== The records
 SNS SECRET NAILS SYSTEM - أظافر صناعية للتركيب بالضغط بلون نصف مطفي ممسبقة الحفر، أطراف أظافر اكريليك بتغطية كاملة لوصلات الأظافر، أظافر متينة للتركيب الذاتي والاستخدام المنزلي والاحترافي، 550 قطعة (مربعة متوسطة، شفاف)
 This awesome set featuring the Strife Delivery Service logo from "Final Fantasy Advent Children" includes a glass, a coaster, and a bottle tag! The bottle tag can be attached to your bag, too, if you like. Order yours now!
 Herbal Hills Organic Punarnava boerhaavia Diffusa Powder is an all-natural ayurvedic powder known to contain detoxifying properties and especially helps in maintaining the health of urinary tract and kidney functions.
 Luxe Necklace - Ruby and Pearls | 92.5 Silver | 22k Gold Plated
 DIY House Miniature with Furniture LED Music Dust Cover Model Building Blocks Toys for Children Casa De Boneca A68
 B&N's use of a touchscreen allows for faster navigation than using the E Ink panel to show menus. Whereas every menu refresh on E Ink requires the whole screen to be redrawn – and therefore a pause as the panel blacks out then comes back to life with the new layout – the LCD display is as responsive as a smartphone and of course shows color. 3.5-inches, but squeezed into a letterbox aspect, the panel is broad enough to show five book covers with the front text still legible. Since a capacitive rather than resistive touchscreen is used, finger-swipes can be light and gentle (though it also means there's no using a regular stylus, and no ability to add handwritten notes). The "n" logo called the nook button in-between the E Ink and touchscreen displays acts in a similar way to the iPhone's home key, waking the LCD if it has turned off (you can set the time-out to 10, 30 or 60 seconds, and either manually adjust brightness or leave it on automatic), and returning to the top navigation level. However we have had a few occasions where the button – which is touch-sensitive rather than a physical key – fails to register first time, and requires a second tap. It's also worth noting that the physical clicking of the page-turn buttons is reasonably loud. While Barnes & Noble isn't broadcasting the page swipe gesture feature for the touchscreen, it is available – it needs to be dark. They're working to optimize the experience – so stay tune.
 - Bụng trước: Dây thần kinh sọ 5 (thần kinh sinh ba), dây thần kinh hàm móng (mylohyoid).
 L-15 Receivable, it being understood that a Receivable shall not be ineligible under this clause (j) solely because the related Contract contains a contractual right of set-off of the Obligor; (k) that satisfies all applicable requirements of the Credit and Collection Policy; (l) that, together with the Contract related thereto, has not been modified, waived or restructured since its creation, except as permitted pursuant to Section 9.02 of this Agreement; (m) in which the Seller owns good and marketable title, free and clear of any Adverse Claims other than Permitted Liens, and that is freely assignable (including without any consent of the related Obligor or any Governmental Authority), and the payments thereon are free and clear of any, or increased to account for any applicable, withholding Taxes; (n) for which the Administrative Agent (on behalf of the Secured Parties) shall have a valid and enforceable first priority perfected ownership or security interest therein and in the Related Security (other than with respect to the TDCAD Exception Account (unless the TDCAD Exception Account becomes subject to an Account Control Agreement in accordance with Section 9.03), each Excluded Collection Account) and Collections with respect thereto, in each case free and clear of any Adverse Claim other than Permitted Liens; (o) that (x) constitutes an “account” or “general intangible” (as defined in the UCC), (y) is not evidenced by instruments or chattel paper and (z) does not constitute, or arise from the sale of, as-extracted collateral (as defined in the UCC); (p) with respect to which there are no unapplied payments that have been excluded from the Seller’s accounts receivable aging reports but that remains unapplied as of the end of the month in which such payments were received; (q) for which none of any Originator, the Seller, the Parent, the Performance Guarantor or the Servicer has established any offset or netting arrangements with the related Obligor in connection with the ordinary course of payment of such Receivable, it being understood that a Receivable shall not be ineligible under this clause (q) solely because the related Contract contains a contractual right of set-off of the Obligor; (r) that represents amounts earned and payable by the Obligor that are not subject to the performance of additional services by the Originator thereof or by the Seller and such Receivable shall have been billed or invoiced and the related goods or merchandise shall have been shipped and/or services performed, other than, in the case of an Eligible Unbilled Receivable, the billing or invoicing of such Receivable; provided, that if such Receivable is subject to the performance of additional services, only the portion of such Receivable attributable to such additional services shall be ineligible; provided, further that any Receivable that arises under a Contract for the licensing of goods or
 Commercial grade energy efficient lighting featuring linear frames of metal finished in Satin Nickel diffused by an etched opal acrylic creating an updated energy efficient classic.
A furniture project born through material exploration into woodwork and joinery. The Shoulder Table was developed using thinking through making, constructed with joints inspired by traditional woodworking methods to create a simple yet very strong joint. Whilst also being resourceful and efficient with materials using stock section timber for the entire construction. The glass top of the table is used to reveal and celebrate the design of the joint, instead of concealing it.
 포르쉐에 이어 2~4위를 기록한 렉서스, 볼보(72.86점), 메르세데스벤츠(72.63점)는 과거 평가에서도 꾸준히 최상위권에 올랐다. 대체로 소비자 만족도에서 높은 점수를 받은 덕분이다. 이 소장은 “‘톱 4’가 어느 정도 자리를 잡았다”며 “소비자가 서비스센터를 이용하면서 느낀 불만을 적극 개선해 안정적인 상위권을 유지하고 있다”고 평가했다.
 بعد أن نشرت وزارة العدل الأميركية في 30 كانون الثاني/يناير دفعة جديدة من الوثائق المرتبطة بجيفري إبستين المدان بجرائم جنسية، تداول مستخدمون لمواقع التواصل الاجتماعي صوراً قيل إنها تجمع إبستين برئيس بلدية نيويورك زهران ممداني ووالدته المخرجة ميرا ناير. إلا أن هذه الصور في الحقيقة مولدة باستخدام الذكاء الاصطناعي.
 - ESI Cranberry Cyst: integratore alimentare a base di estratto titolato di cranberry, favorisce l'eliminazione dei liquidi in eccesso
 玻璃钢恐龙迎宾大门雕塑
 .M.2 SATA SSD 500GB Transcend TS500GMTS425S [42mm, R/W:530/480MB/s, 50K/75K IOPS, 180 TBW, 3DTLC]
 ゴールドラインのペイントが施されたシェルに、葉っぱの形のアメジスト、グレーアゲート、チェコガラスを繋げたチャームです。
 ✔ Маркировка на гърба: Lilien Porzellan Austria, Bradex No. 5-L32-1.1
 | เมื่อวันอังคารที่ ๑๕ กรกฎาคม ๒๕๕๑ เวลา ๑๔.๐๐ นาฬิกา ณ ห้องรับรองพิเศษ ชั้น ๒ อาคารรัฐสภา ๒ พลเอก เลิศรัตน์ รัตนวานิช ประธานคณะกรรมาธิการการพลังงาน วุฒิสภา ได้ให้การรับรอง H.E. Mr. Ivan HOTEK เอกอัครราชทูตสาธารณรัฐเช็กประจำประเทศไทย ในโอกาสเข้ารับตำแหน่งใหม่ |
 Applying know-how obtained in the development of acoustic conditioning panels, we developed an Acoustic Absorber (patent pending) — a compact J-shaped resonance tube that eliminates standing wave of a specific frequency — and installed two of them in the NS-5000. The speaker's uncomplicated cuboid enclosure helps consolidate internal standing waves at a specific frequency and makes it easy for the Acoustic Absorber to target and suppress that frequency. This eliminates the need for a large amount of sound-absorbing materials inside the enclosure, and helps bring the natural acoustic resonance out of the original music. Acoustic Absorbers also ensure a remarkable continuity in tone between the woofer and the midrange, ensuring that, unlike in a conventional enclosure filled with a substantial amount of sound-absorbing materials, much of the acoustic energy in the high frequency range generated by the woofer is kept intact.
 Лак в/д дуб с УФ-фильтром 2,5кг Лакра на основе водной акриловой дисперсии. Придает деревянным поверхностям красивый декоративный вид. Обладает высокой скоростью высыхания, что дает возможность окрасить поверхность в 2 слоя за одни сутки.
====
> _What to work on_
If a line in the data above holds the string "Children", copy it.

> _Answer box_
 This awesome set featuring the Strife Delivery Service logo from "Final Fantasy Advent Children" includes a glass, a coaster, and a bottle tag! The bottle tag can be attached to your bag, too, if you like. Order yours now!
 DIY House Miniature with Furniture LED Music Dust Cover Model Building Blocks Toys for Children Casa De Boneca A68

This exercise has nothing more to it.